Pension funding requirements promise to cripple companies whose defined benefit plans have been ravaged by market losses, prompting an urgent call on Congress to rethink the technical requirements of the 2-year-old Pension Protection Act.

More than 350 corporate supporters have appealed to Congress to ease up on some specific funding requirements given how badly pension assets have been hit by the global financial crisis. “This was a situation nobody foresaw, in terms of the severity of the issues,” said Peter Kravitz, director of Congressional and political affairs for the American Institute of Certified Public Accountants.

The PPA was enacted in 2006 to establish new thresholds for pension plan sponsors to meet to assure defined benefit plans were adequately funded. Under the new requirements, companies generally are expected to be 92 percent funded as defined in the law for 2008, said Kravitz. Companies that fail to meet that “cliff” in the funding requirements will face a new requirement to contribute whatever funds are necessary to become 100 percent funded, he said.

“In 2008, we’ve got a crippled stock market and a stagnant economy, and the problems are growing,” he said. “Because of the massive disruption in the market and the massive losses, defined benefit plans have lost huge amounts of value. It has put many, many defined benefit plans into significant deficits, both in being fully funded and in meeting the cliff levels they’re supposed to meet.”

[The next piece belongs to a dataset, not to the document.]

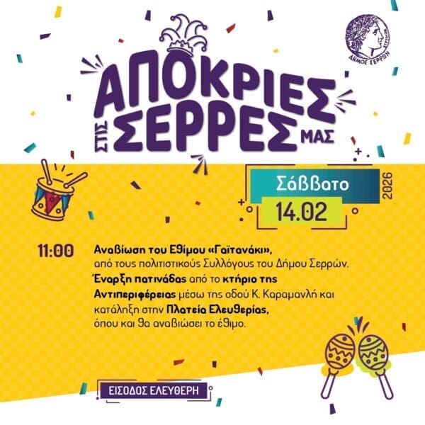 Ο Δήμος Σερρών, στο πλαίσιο των αποκριάτικων εκδηλώσεων, διοργανώνει το Σάββατο 14 Φεβρουαρίου 2026 και ώρα 11:00, την αναβίωση του παραδοσιακού εθίμου «Γαϊτανάκι», με τη συμμετοχή των πολιτιστικών συλλόγων.
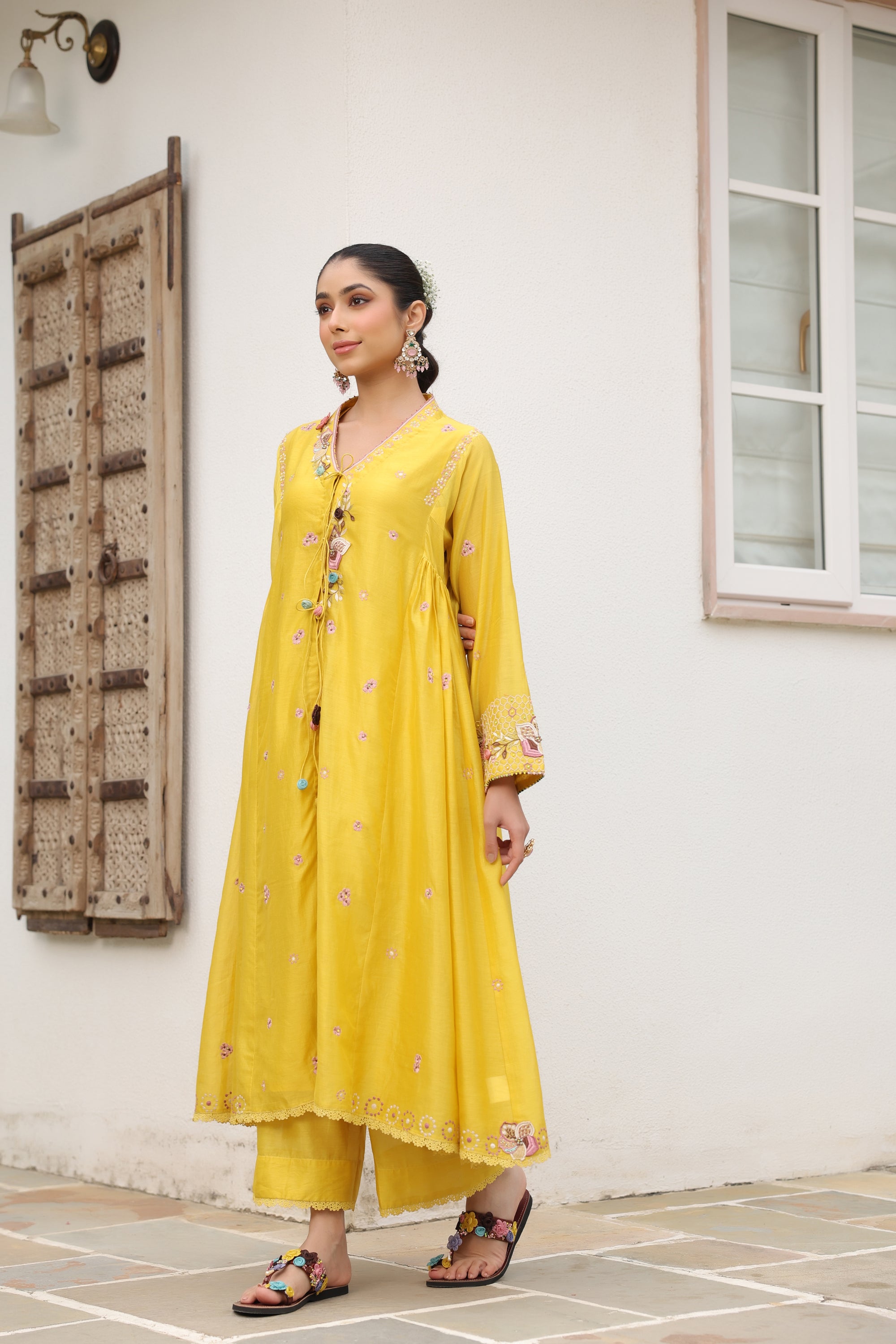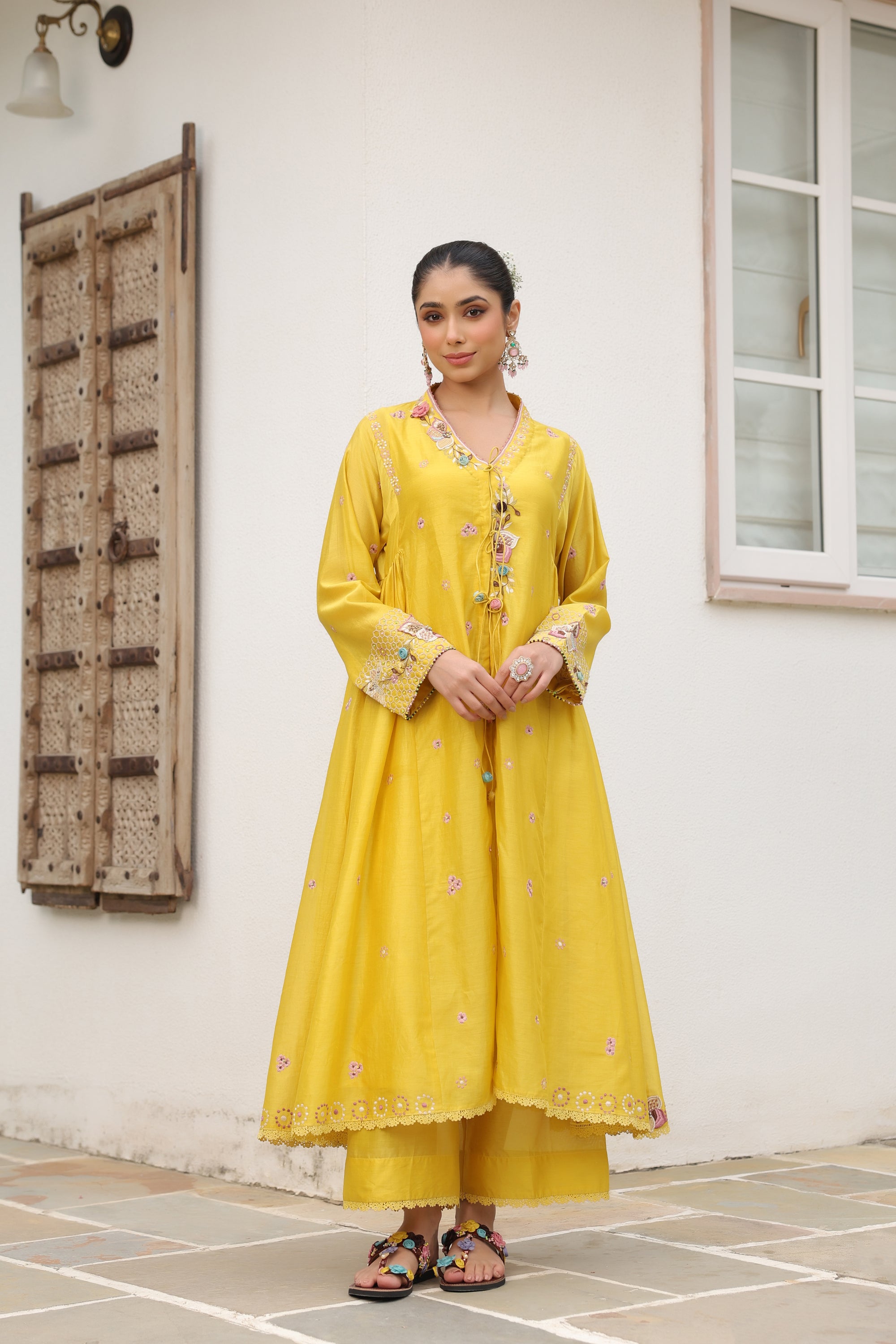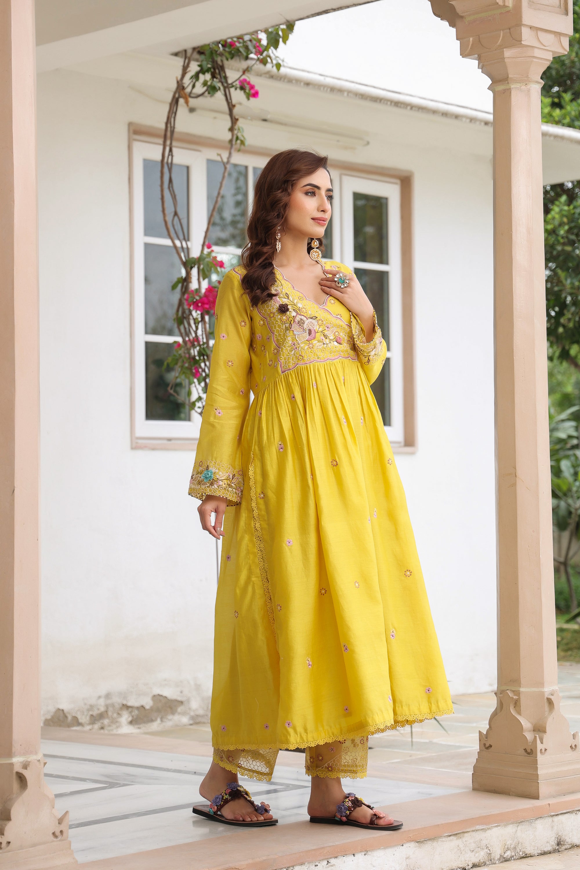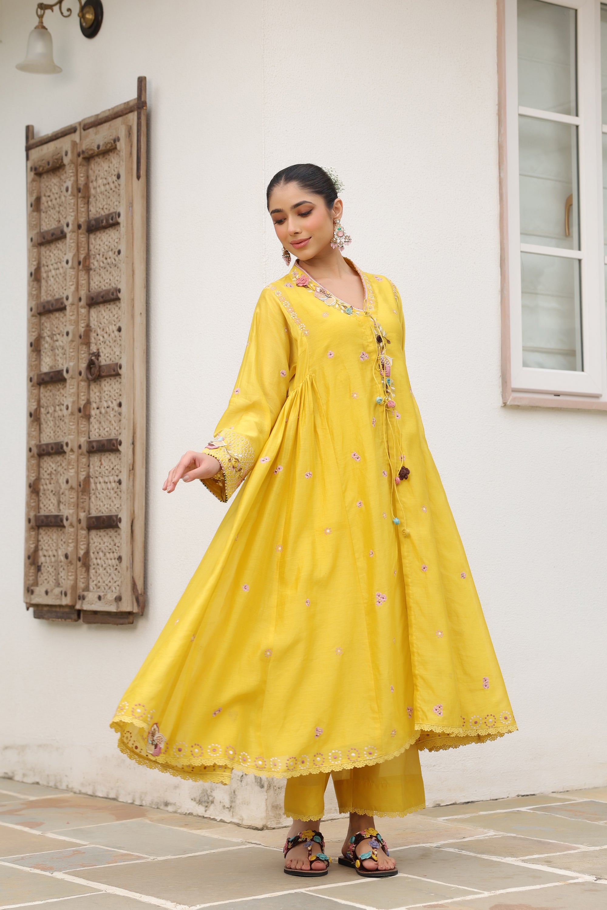 Yellow Kalidaar Reet Kurta Set

Pension plan sponsors worry that the huge amounts of money they will have to pump into pension plans to make up the recent losses and meet funding requirements will result in operational problems and potentially job cuts if companies are forced to contribute it to pension plans instead.

In their letter to Congress, the 350-plus companies cite as an example a Florida company with four defined benefit plans that faces a 2,100 percent increase in funding—from $673,000 in 2008 to $15.2 million in 2009—to meet the requirements. The company likely will be forced to freeze the plans, the letter says.

Kravitz said the full scope of the problem will be more apparent when companies complete their 2008 financial statements. Advocates are hopeful Congress will address the issue when it convenes in mid-December to consider a bailout package for automotive companies.